The evolution of the human race has been going on for thousands of years, yet there is hardly any change in any human being’s basic needs. The need for food, clothing, and shelter is universally consistent amongst all of us; irrespective of what race, gender, culture, religion or nationality we belong to.

Having said that, why is it that we have evolved so rapidly in different directions, particularly if we review the influences of culture, race, religion and nationality on our lifestyles? I am sure anthropologists have studied these aspects at a much detailed level and can offer a lot more insight on the topic, yet on a psychological level this has a lot to do with how we see ourselves and how we wish to be seen. What I am trying to discuss here is that the very need of humans to be seen by others in a certain way or class or belief system etc.; is the very reason why brands were created.

If we take a closer look at brands we see reflections of personalities of different types. These personalities depict lifestyles, professions, belief systems, acceptance in social classes and much more. In essence, by creating brands human have actually provided directions of personality types which we associate with and develop a relationship with over a period of time. In other words brands also shape our opinions and belief systems, thereby playing an active role in the evolution of humans and societies. What is really important to note in this discussion is that we need to see brands at a much larger level than just cars, designer labels for clothing/accessories or FMCG’s.

The world of branding extends to anything and everything that we see around us. We can see how the term branding applies to Nations, Political Candidates, Social Causes, Educational Institutes, Competitions/Events, Evangelists…and the list goes on and on. The most important lesson here is that branding has the potential to change, adapt, give meaning and purpose to what matters to us. Thus it is time that we learn this art so that we can apply it in different walks of life to build the self-esteem of our nation, which needs rigorous image-lifting.

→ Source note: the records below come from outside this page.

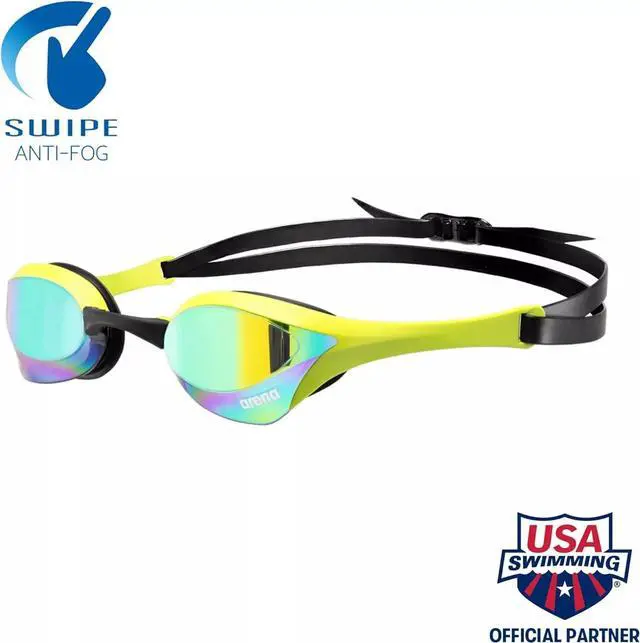 Discover the most advanced mirrored competitive racing goggles, the Cobra Ultra Swipe goggles, with arena's revolutionary Swipe Anti-Fog technology that lasts ten times longer and can be reactivated. Gently swipe the inner lenses five times with your fingertip while the goggles are in the water, making sure there is no dirt on the lenses while doing so. Do this every time the lenses become foggy to enjoy clear vision for longer.
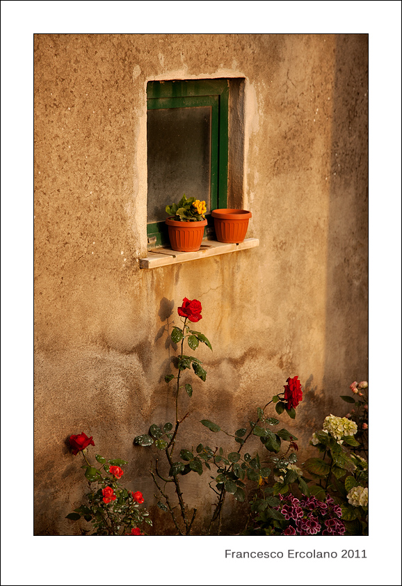 Rimango sempre molto colpito da fotografie come queste, che definisco delle piccole gemme. Non siamo di fronte a paesaggi mozzafiato di cime svettanti o di mari cristallini, nè ci si innalzano architetture frutto del genio umano. Nonostante questo mi emoziona questo quadretto domestico, questa semplice quotidianetà di campagna, di gerani piantati, di rose solitarie e di vasetti di plastica. Complimenti.
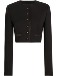 cropped jacket Highlights - Black - Front button fastening - Buttoned cuffs - Dart detailing - Faux pocket detail Made in Italy Composition Lining: Silk 100% Outer: Virgin Wool 93%, Silk 5%, Polyester 2%
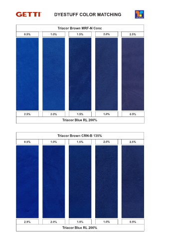 DYESTUFF COLOR MATCHING Triacor Brown MRF-N Conc 0.5% 1.0% 1.5% 2.0% 2.5% 2.5% 2.0% 1.5% 1.0% 0.5% Triacor Blue RL 200% Triacor Brown CRN-B 135% 0.5% 1.0% 1.5% 2.0% 2.5% 2.5% 2.0% 1.5% 1.0% 0.5% Triacor Blue RL 200%

I strongly feel that a nation with so much human capital and talent needs to channel itself in meaningful and purposeful belief systems. A lot of new and creative experimentation is taking place in our cinema industry, which I hope will open our minds towards new influences and perspectives that challenge norms. We have been too stagnant for too long; if there is a time this is it. We need to move with confidence and take bold actions to bring change; change that really influences and motivates towards affirmative action.